SinglePixelGaussianEdge: Uses the Image Filter and Edge Detector blocks to operate on a single-pixel stream. This subsystem shows how the rates and interfaces for single-pixel streaming compare with multipixel designs.
MultiPixelGaussianEdge: Uses the Image Filter and Edge Detector blocks to operate on a multipixel stream. This subsystem shows how to use the multipixel interface with library blocks.
MultiPixelCustomGaussianEdge: Uses the Line Buffer block to build a Gaussian filter and Sobel edge detection for a multipixel stream. This subsystem shows how to use the Line Buffer output for multipixel design.

Processing multipixel video streams allows for higher frame rates to be achieved without a corresponding increase to the clock frequency. Each of the subsystems can achieve 200MHz clock frequency on an AMD® ZC706 board. The 480p video stream has Total pixels per line x Total video lines = 800*525 cycles per frame. With a single pixel stream you can process 200M/(800*525) = 475 frames per second. In the multipixel subsystem, 4 pixels are processed on each cycle, which reduces the number of cycles per line to 200. This means that with a multipixel stream operating on 4 pixels at a time, at 200MHz, on a 480p stream, 1900 frames can be processed per second. If the resolution is increased from 480p to 1080p, 80 frames per second can be achieved in the single pixel case versus 323 frames per second for 4 pixels at a time or 646 frames per second for 8 pixels at a time.

Multipixel Streaming Using Library Blocks

Generate a multipixel stream from the Frame to Pixels block by setting Number of pixels to 4 or 8. The default value of 1 returns a scalar pixel stream with a sample rate of Total pixels per line * *Total video lines* faster than the frame rate. This rate shows red in the example model. The two multipixel subsystems use a multipixel stream with Number of pixels set to 4. This configuration returns 4 pixels on each clock cycle and has a sample rate of (Total pixels per line/4) * *Total video lines*. The lower output rate, which is green in the model, shows that you can increase either the input frame rate or resolution by a factor of 4 and therefore process 4 times as many pixels in the same frame period using the same clock frequency as the single pixel case.

The SinglePixelGaussianEdge and MultiPixelGaussianEdge subsystems compute the same result using the Image Filter and Edge Detector blocks.

In MultiPixelGaussianEdge, the blocks accept and return four pixels on each clock cycle. You do not have to configure the blocks for multipixel streaming, they detect the input size on the port. The pixelcontrol bus indicates the validity and location in the frame of each set of four pixels. The blocks buffer the [4x1] stream to form four [ KernelHeight x KernelWidth ] kernels, and compute four convolutions in parallel to give a [4x1] output.

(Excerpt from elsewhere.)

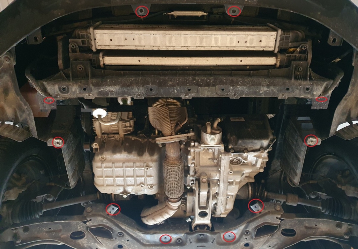 | Chaque voiture a des trous de vis fabriqués en usine pour le montage de la plaque de protection, ce qui rend le montage très facile. Vous pouvez le faire vous-même ou à n'importe quel point de service automatique. |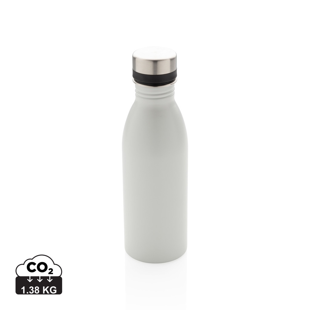 Tämä täydellisenkokoinen ja kevyt, uudelleen käytettävä pullo on valmistettu kestävästä, ruostumattomasta teräksestä. Tiivis ja täydellinen jokapäiväiseen käyttöön nestetasapainon ylläpitämiseksi. Suositellaan vain kylmälle vedelle. Monissa eri väreissä. Luonnonvalkoisen värinen pullo on PMS-värissä Cool Grey 1. Sisältö: 500 ml.

Custom Multipixel Algorithms

The MultiPixelCustomGaussianEdge subsystem uses the Line Buffer block to implement a custom filtering algorithm. This subsystem is similar to how the library blocks internally implement multipixel kernel operations. The Image Filter and Edge Detector blocks use more detailed optimizations than are shown here. This implementation shows a starting point for building custom multipixel algorithms using the output of the Line Buffer block.

The custom filter and custom edge detector use the Line Buffer block to return successive [ KernelHeight x NumberofPixels ] regions. Each region is passed to the KernelIndexer subsystem which uses buffering and indexing logic to form Number of Pixels * [ KernelHeight x KernelWidth ] filter kernels. Then each kernel is passed to a separate FilterKernel subsystem to perform convolutions in parallel.

Form Kernels from Line Buffer Output

The KernelIndexer subsystem forms 4 [5x5] filter kernels from the 2-D output of the Line Buffer block.

The diagram shows how the filter kernel is extracted from the [5x4] output stream, for the kernel that is centered on the first pixel in the [4x1] output. This first kernel includes pixels from 2 adjacent [5x4] Line Buffer outputs.

The kernel centered on the last pixel in the [4x1] output also includes the third adjacent [5x4] output. So, to form four [5x5] kernels, the subsystem must access columns from three [5x4] matrices.

The KernelIndexer subsystem uses the current [5x4] input, and stores two more [5x4] matrices using registers enabled by shiftEnable. This design is similar to the tapped delay line used with a Line Buffer using single pixel streaming. The subsystem then accesses pixel data across the columns to form the four [5x5] kernels. The Image Filter block uses this same logic internally when the block has multipixel input. The block automatically designs this logic at compile time for any supported kernel size.

Implement Filters

Since the input multipixel stream is a [4x1] vector, the filters must perform four convolutions on each cycle to keep pace with the incoming data. There are four parallel FilterKernel subsystems that each perform the same operation. The [5x5] matrix multiply is implemented as a [5x1] vector multiply by using a For Each subsystem containing a pipelined multiplier. The output is passed to an adder tree. The adder tree is also pipelined, and the pipeline latency is applied to the pixelcontrol signal to match. The results of the four FilterKernel subsystems are then concatenated into a [4x1] output vector.

Implement Edge Detectors

To match the algorithm of the Edge Detector block, this custom edge detector uses a [3x3] kernel size. Compare this KernelIndexer subsystem for the [3x3] edge detection with the [5x5] kernel described above. The algorithm still must access three successive matrices from the output of the Line Buffer block (including padding on either side of the kernel). However, the algorithm saves fewer columns to form a smaller filter kernel.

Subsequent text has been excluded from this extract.